In the entries below, begin at the line that has "尹姬 蓝莲清芯水透面膜30ml*5片 植物精华,层层沁透,水润净透,嫩滑质感" and stop after the line that has "High-Wave firmato da"; output those lines exactly, leaving out pictures.

SUPPLIED INFORMATION:
►
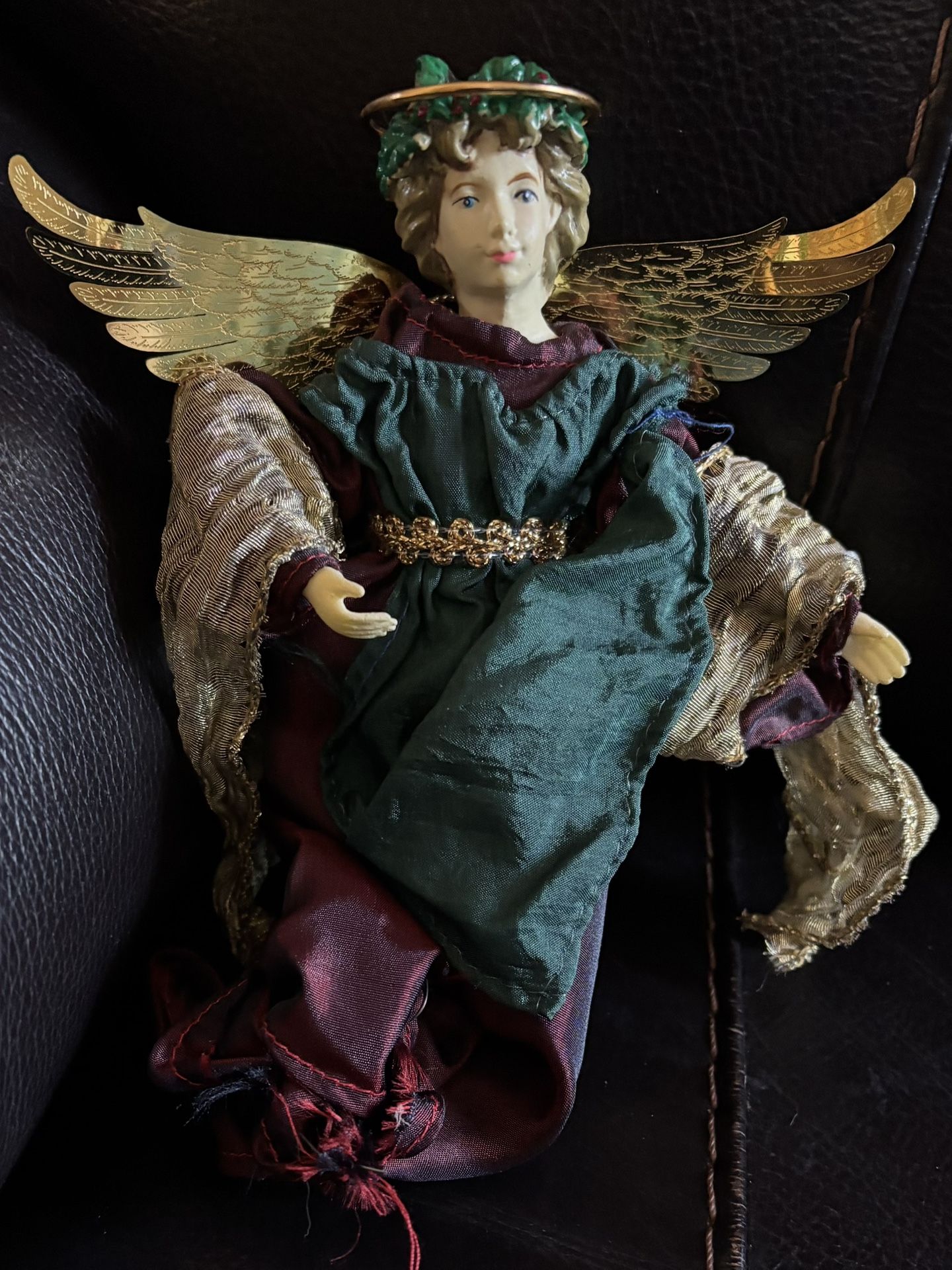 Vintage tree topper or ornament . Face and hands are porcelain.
◄
►
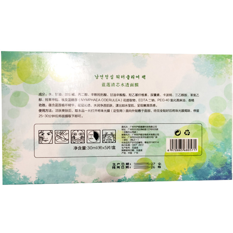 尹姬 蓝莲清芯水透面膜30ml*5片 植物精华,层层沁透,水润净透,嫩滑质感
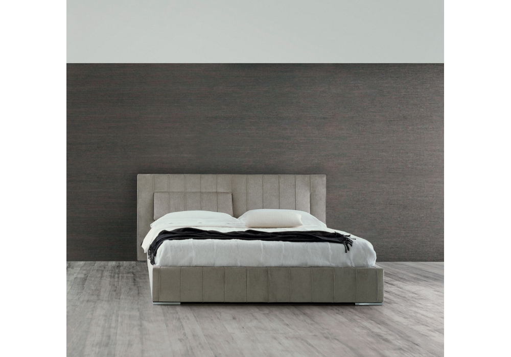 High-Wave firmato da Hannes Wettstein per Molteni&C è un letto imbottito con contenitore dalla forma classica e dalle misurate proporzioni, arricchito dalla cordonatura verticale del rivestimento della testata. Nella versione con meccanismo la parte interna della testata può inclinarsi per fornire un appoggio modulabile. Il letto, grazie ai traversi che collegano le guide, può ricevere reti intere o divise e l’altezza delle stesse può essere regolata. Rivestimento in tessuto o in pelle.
◄
EXERCISE ANSWER:
 尹姬 蓝莲清芯水透面膜30ml*5片 植物精华,层层沁透,水润净透,嫩滑质感
 High-Wave firmato da Hannes Wettstein per Molteni&C è un letto imbottito con contenitore dalla forma classica e dalle misurate proporzioni, arricchito dalla cordonatura verticale del rivestimento della testata. Nella versione con meccanismo la parte interna della testata può inclinarsi per fornire un appoggio modulabile. Il letto, grazie ai traversi che collegano le guide, può ricevere reti intere o divise e l’altezza delle stesse può essere regolata. Rivestimento in tessuto o in pelle.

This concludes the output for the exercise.